By Donovan Linder
Kevin Michael Connolly, author of Double Take, the selection used as the 2012 Common Read at UNH, makes it clear in his memoir that obstacles don’t have to define you.
. Though Connolly is by definition handicapped, he does not consider himself to be. “You are only disabled if you are incapable of overcoming the challenges presented in any given situation,” said Connolly, who also led discussions with faculty members and student leaders.
Upon graduating from college, Connolly traveled to 19 countries with the aid of a skateboard, taking more than 30,000 photographs of people’s reactions to seeing him. His “Rolling Expedition” has been featured at the Smithsonian Institute and Kennedy Center, and his story was featured on ABC’s “20/20” and National Public Radio.
Many people would be caught staring at him or would assume that Connolly was a war veteran. His experiences demonstrated, he told the students, that “people act the same all around the world.”
For many of the first-year students, the memoir was more than a piece of writing; it was an inspiration. “I read the book more as a work of art and took a different take on everything,” said Tom Stringer ’16, a music and sound recording major from Yorktown Heights, N.Y.
Several students conceded that at first they were not thrilled about having a summer reading assignment. “When I originally got the book, I didn’t think I was going to enjoy it,” said Pierce Johnston ’16, a music and sound recording major from Beacon, N.Y. “But after reading the first five or six pages, I loved it.”
Connolly’s determination and willingness to take on a challenge resonated with first-year students Amanda Heath and Nicolas Weilmann. Heath, who suffered from Lyme disease, said, “I had adversity to deal with and I broke through my own struggles.”
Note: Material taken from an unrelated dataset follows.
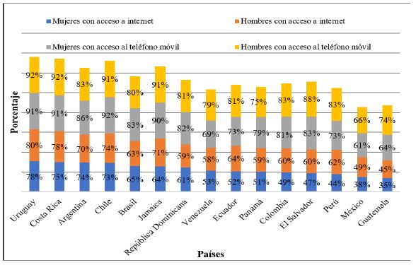 Según explica el Banco Interamericano de Desarrollo (BID), particularmente en la región de América Latina y el Caribe (ALC), los índices de conectividad son más bajos, ya que solo el 53,0 % de la población se encuentra conectada a la red (BID, 2020). En términos de brechas digitales de género, ALC se encuentra mejor posicionada que otras regiones del mundo; el porcentaje de acceso a internet en la región fue del 63,0 % para hombres y el 57,0 % para mujeres, manteniendo un gap de 6 puntos. Mientras que el acceso y uso de la telefonía móvil fue del 83,0 % en los varones y el 80,0 % en las mujeres, es decir, una diferencia porcentual de 3 puntos (Figura 2).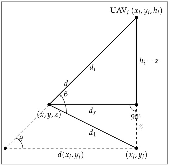 where a and b are constants depending on the environment (suburban, urban, or dense urban) and is the elevation angle given by [26]. Based on Figure 2, the following parameters are defined:

Weilmann faced his own challenges coming to the United States as a child and being able to speak only Spanish. “There were times when I would come home from kindergarten crying because I couldn’t talk with anybody in school,” Weilmann said. “I was different from the other students, but I found my happiness.”
Connolly, who won a silver medal at the 2006 Winter X Games, will soon start working on a series for the Travel Channel that will bring him to rural areas of developing nations to see “cool” prosthetic inventions.
“You are going to meet people who are going to challenge your assumptions and maybe even excite your curiosity,” Connolly told the students. “Never be afraid to do a double-take when it comes to your own opinions, fears, or curiosities over the next four years.”